### PROVIDED DATA
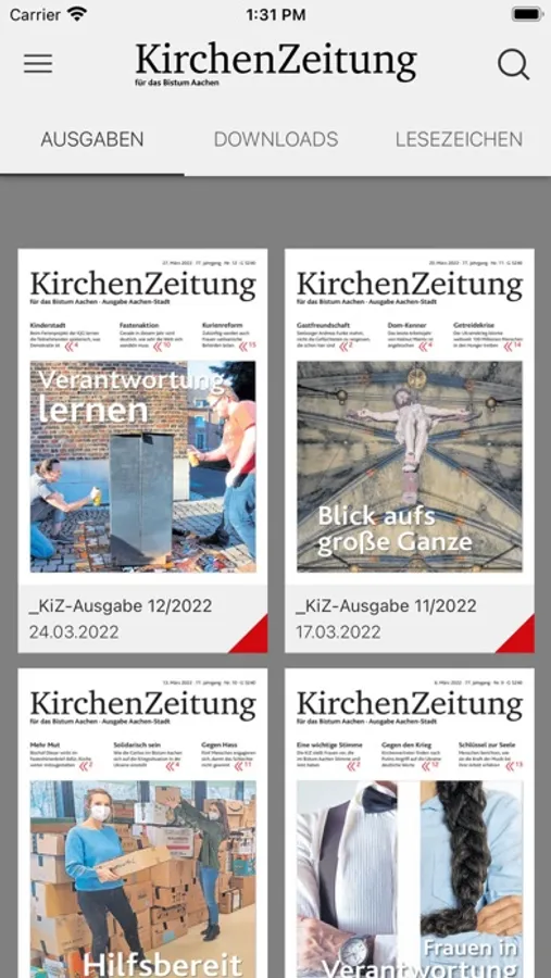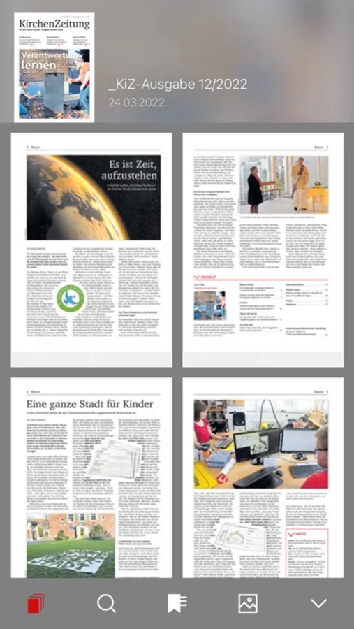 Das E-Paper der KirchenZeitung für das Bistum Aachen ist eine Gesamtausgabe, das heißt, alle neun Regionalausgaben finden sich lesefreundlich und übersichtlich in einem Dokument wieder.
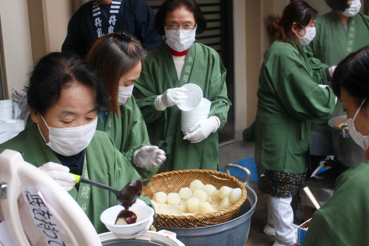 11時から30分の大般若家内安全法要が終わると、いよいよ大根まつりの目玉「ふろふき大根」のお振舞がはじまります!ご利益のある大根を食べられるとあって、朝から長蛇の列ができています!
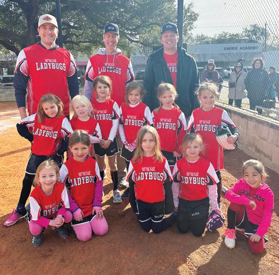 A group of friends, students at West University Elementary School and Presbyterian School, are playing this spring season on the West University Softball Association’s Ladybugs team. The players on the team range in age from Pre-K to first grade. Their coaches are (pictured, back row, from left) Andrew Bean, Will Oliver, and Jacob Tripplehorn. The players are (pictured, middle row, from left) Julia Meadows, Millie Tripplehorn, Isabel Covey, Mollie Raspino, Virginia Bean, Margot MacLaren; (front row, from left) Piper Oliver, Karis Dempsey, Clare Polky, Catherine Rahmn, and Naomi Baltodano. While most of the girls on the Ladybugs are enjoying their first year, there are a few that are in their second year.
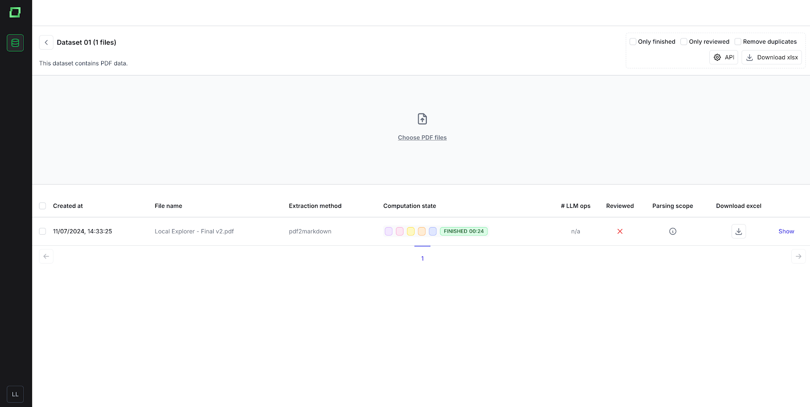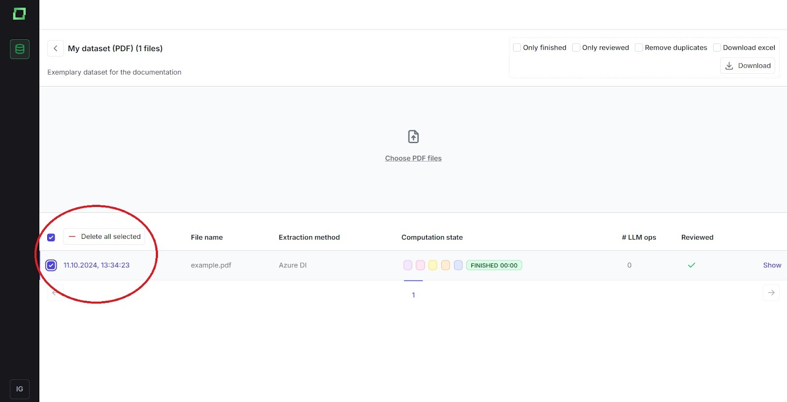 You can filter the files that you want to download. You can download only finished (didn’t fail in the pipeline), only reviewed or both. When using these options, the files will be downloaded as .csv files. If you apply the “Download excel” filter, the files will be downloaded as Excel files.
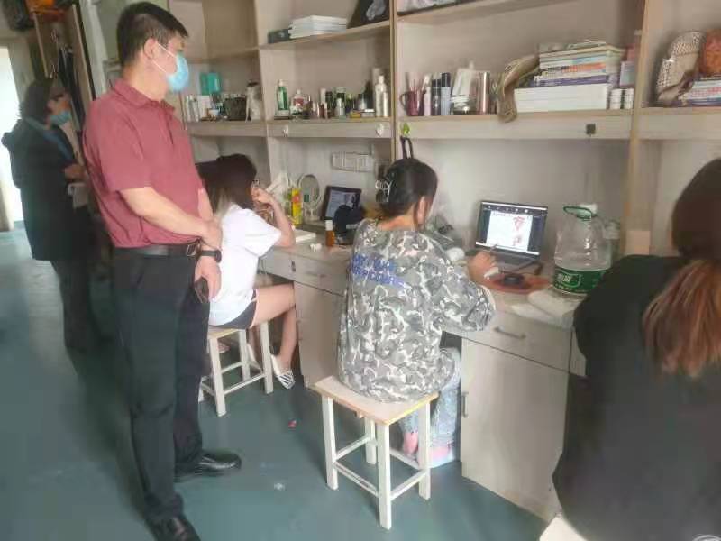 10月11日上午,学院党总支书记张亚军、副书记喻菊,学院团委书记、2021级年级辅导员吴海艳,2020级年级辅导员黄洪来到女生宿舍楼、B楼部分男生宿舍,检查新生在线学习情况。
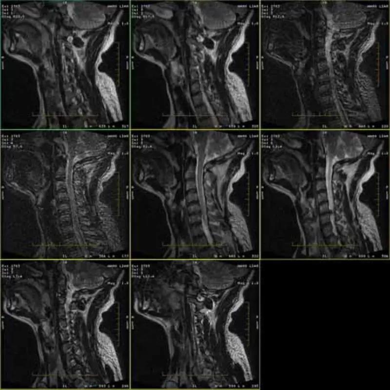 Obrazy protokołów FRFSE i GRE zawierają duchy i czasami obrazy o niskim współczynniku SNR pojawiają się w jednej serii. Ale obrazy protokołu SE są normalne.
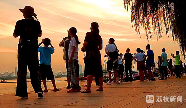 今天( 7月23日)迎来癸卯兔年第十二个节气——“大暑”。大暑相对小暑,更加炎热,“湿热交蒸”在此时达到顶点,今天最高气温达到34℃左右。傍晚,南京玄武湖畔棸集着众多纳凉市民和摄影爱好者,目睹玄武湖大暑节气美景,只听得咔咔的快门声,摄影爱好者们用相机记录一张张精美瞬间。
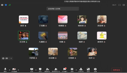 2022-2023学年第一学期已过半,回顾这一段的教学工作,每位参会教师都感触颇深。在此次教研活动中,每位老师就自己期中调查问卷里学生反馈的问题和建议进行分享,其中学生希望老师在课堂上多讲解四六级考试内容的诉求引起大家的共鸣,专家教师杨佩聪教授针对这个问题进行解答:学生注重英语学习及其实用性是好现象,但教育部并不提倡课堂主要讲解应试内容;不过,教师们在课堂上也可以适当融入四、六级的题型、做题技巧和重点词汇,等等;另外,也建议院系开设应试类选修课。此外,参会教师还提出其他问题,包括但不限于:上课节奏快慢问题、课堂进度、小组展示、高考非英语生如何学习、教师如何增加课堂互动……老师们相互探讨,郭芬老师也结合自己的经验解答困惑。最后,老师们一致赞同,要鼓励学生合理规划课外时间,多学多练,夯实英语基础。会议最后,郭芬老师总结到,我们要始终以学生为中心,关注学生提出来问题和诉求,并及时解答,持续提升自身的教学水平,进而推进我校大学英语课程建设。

### TASK DETAILS
The data above should be repeated exactly, minus any pictures.

### TASK RESPONSE
 Das E-Paper der KirchenZeitung für das Bistum Aachen ist eine Gesamtausgabe, das heißt, alle neun Regionalausgaben finden sich lesefreundlich und übersichtlich in einem Dokument wieder.
 11時から30分の大般若家内安全法要が終わると、いよいよ大根まつりの目玉「ふろふき大根」のお振舞がはじまります!ご利益のある大根を食べられるとあって、朝から長蛇の列ができています!
 A group of friends, students at West University Elementary School and Presbyterian School, are playing this spring season on the West University Softball Association’s Ladybugs team. The players on the team range in age from Pre-K to first grade. Their coaches are (pictured, back row, from left) Andrew Bean, Will Oliver, and Jacob Tripplehorn. The players are (pictured, middle row, from left) Julia Meadows, Millie Tripplehorn, Isabel Covey, Mollie Raspino, Virginia Bean, Margot MacLaren; (front row, from left) Piper Oliver, Karis Dempsey, Clare Polky, Catherine Rahmn, and Naomi Baltodano. While most of the girls on the Ladybugs are enjoying their first year, there are a few that are in their second year.
 You can filter the files that you want to download. You can download only finished (didn’t fail in the pipeline), only reviewed or both. When using these options, the files will be downloaded as .csv files. If you apply the “Download excel” filter, the files will be downloaded as Excel files.
 10月11日上午,学院党总支书记张亚军、副书记喻菊,学院团委书记、2021级年级辅导员吴海艳,2020级年级辅导员黄洪来到女生宿舍楼、B楼部分男生宿舍,检查新生在线学习情况。
 Obrazy protokołów FRFSE i GRE zawierają duchy i czasami obrazy o niskim współczynniku SNR pojawiają się w jednej serii. Ale obrazy protokołu SE są normalne.
 今天( 7月23日)迎来癸卯兔年第十二个节气——“大暑”。大暑相对小暑,更加炎热,“湿热交蒸”在此时达到顶点,今天最高气温达到34℃左右。傍晚,南京玄武湖畔棸集着众多纳凉市民和摄影爱好者,目睹玄武湖大暑节气美景,只听得咔咔的快门声,摄影爱好者们用相机记录一张张精美瞬间。
 2022-2023学年第一学期已过半,回顾这一段的教学工作,每位参会教师都感触颇深。在此次教研活动中,每位老师就自己期中调查问卷里学生反馈的问题和建议进行分享,其中学生希望老师在课堂上多讲解四六级考试内容的诉求引起大家的共鸣,专家教师杨佩聪教授针对这个问题进行解答:学生注重英语学习及其实用性是好现象,但教育部并不提倡课堂主要讲解应试内容;不过,教师们在课堂上也可以适当融入四、六级的题型、做题技巧和重点词汇,等等;另外,也建议院系开设应试类选修课。此外,参会教师还提出其他问题,包括但不限于:上课节奏快慢问题、课堂进度、小组展示、高考非英语生如何学习、教师如何增加课堂互动……老师们相互探讨,郭芬老师也结合自己的经验解答困惑。最后,老师们一致赞同,要鼓励学生合理规划课外时间,多学多练,夯实英语基础。会议最后,郭芬老师总结到,我们要始终以学生为中心,关注学生提出来问题和诉求,并及时解答,持续提升自身的教学水平,进而推进我校大学英语课程建设。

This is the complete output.